I knew my father was the town’s chief rabbi, and was admired and loved by all. I could not bear to see the beating or the degradation. Today, looking back on the six years of that war, I realize that the worst thing I endured in the Holocaust was not the hunger, the cold or the beatings. It was the humiliation. It is almost impossible to bear the helplessness. Throughout the war years, a Polish word went through my head—lachago, meaning “why?” What did we do to you to make you stomp on our souls in this way? How great was our crime that this is our punishment? There was no answer. Only this: we were Jews, and they, the Nazis, saw us as the source of all evil in the world.
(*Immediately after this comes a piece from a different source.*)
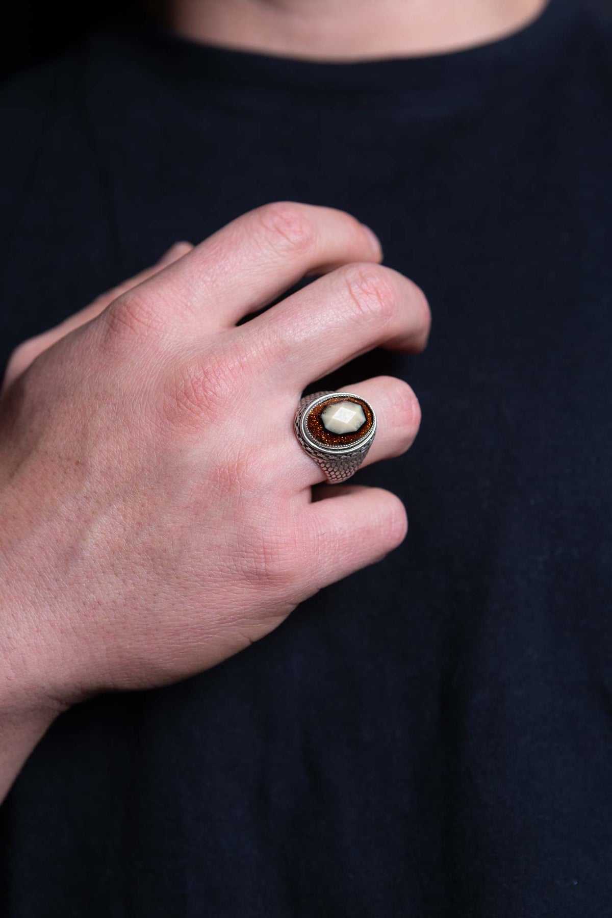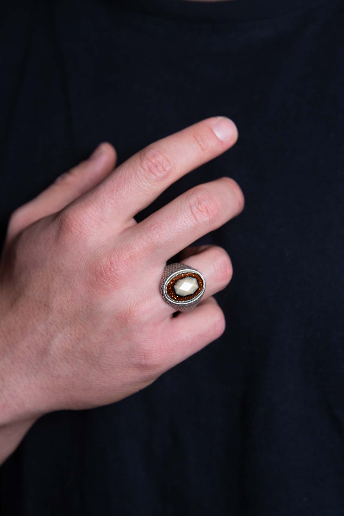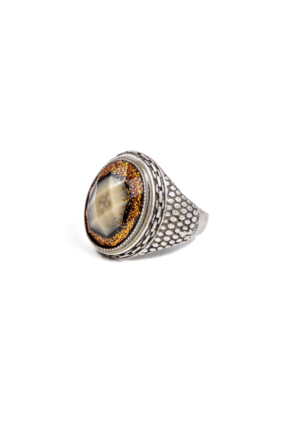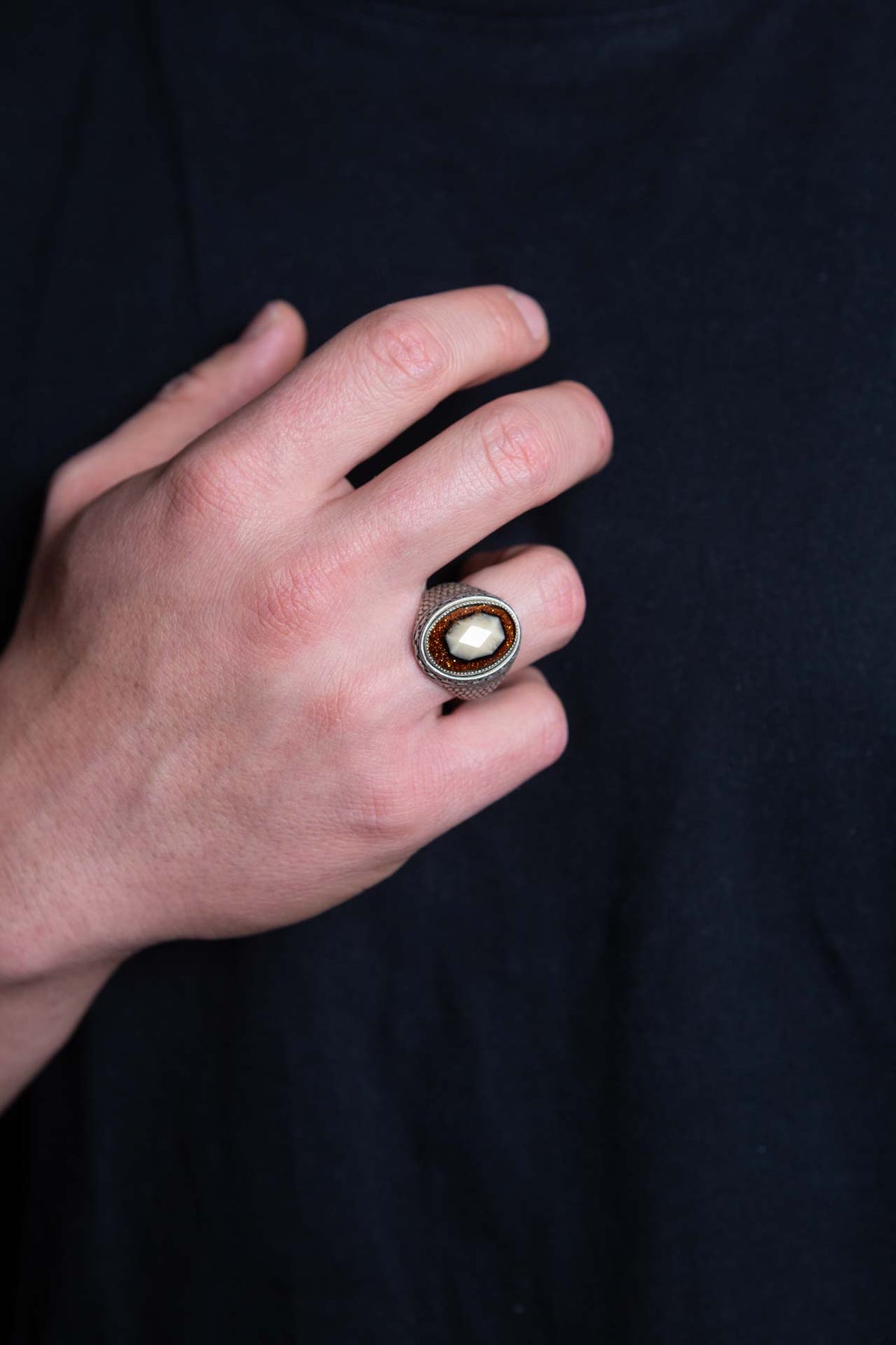 Blind Heart è un anello in lega seminaturale di zinco e alluminio, galvanizzato in argento brunito. Al centro si trova una pietra incastonata sfaccettata il cui contorno è dorato mentre al centro spicca il colore beige. L'anello Blind Heart lo puoi indossare da solo o assieme ad altre creazioni Cryady. Per uomo e per donna. Ogni creazione Cryady è realizzata artigianalmente con amore e passione, proprio per questo una non sarà mai perfettamente identica all’altra come se fosse un prodotto realizzato in serie.

When a child sees his father being kicked with a Nazi’s boot publicly humiliated, he carries that terrible picture with him for the rest of his life. Yet, on the other hand, I carry in my mind another memory as well—that instant in which Father, with astonishing spiritual strength, braced himself from falling and, refusing to beg for his life, stood tall once again before the Gestapo captain. For me, that image of his inner spiritual strength completely eradicates the helplessness that accompanied the humiliation.

Herded into the Synagogue

Soon after the incident with Lulek’s father, the Nazis rounded up the Jews of Piotrkow and packed them into the town’s main synagogue. There they called out the names of those who were allowed to leave; those remaining inside were to be deported, destined for death. Through his mother’s resourcefulness, young Lulek’s life is saved, but his thirteen-year-old brother, Shmuel, is condemned to a bitter fate.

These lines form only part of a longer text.